■ **Task brief**: Each line below should be repeated exactly, but no picture should be carried over.

■ **The data**:
* * *

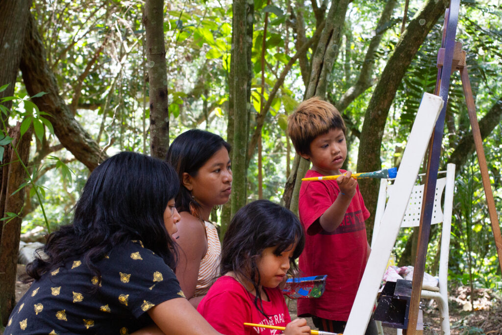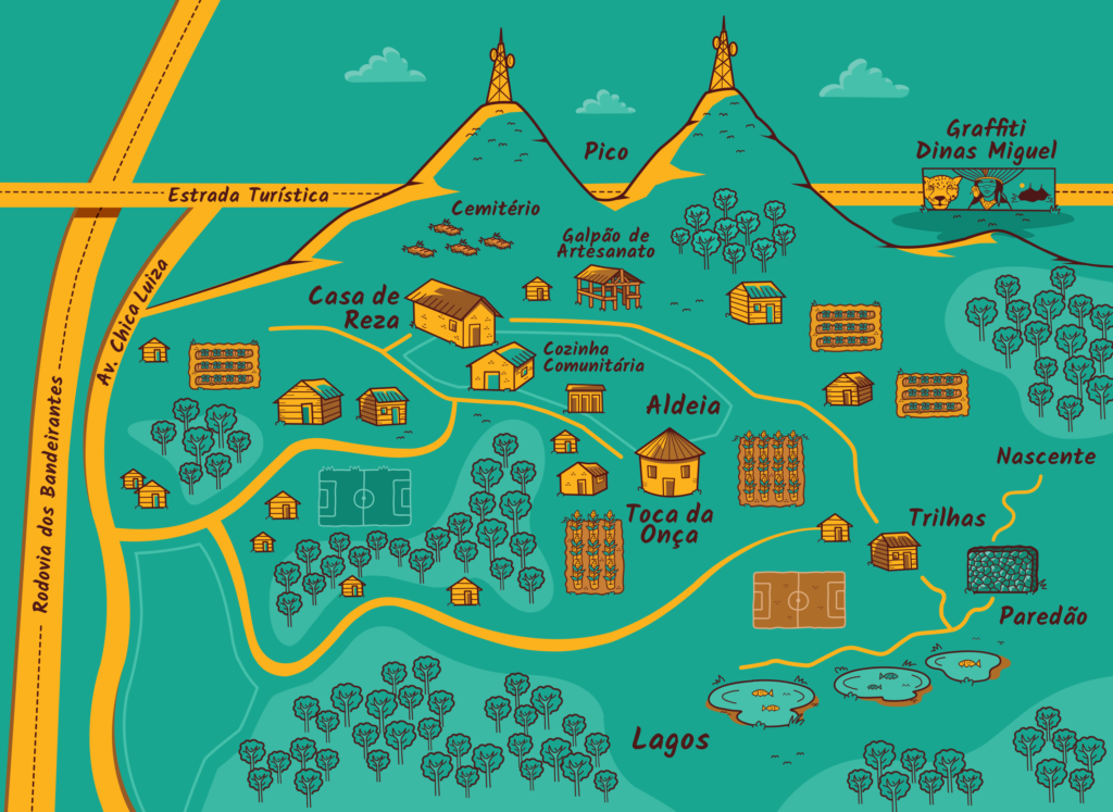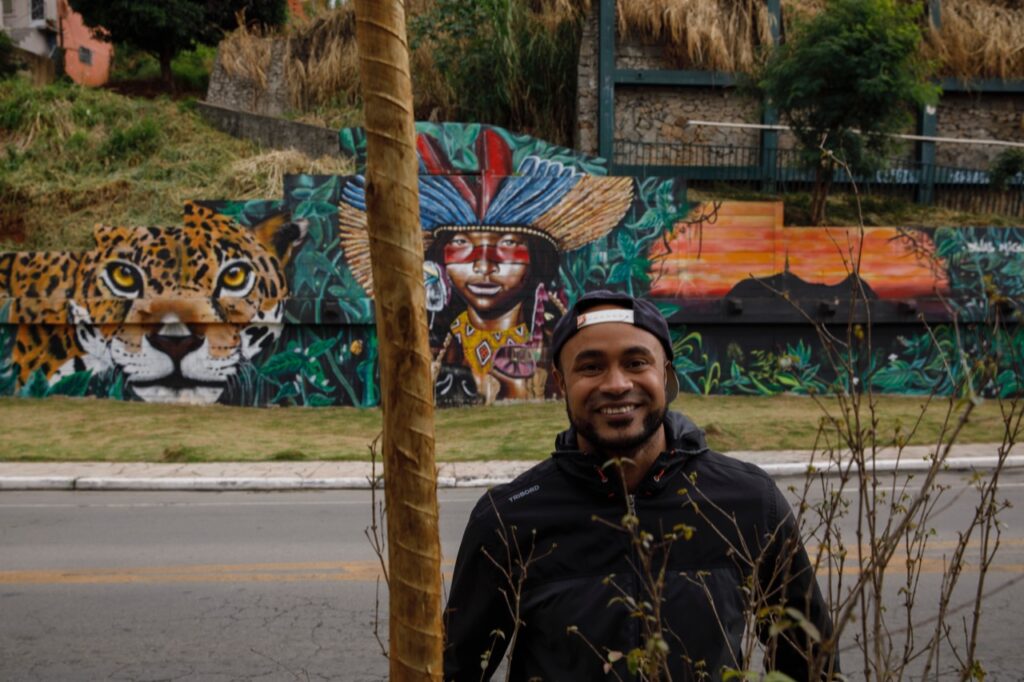 A aproximação com a comunidade Guarani Mbya aconteceu por meio do grafiteiro, educador e artista visual Dinas Miguel, que mantém uma relação sólida de parceria com a aldeia e é um dos idealizadores do projeto.
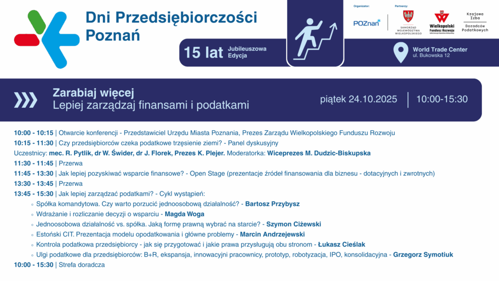 Wydarzenie łączy wiedzę ekonomiczną, podatkową i finansową z praktyką przedsiębiorczą.
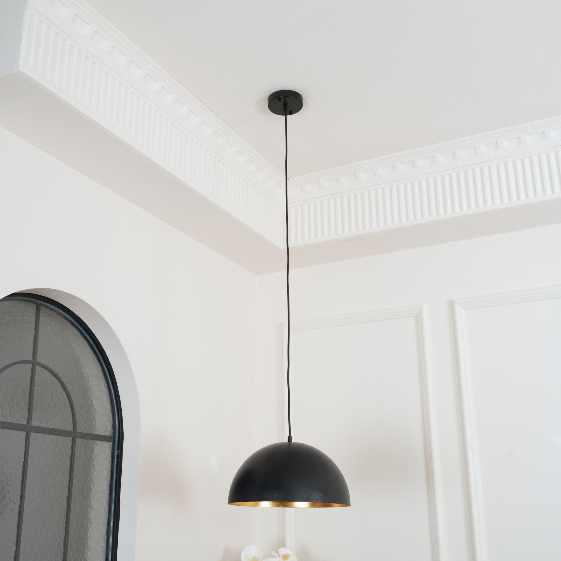Introduce some industrial flair to your space with the Lipeo Pendant Lamp. Its classic domed design, textured black finish, and luxury gold-leaf interior make it a versatile addition to any room. Perfect for cool lofts or minimalist settings, this crowd-pleasing lamp is sure to impress.

* * *

■ **Written answer**:
 A aproximação com a comunidade Guarani Mbya aconteceu por meio do grafiteiro, educador e artista visual Dinas Miguel, que mantém uma relação sólida de parceria com a aldeia e é um dos idealizadores do projeto.
 Wydarzenie łączy wiedzę ekonomiczną, podatkową i finansową z praktyką przedsiębiorczą.
Introduce some industrial flair to your space with the Lipeo Pendant Lamp. Its classic domed design, textured black finish, and luxury gold-leaf interior make it a versatile addition to any room. Perfect for cool lofts or minimalist settings, this crowd-pleasing lamp is sure to impress.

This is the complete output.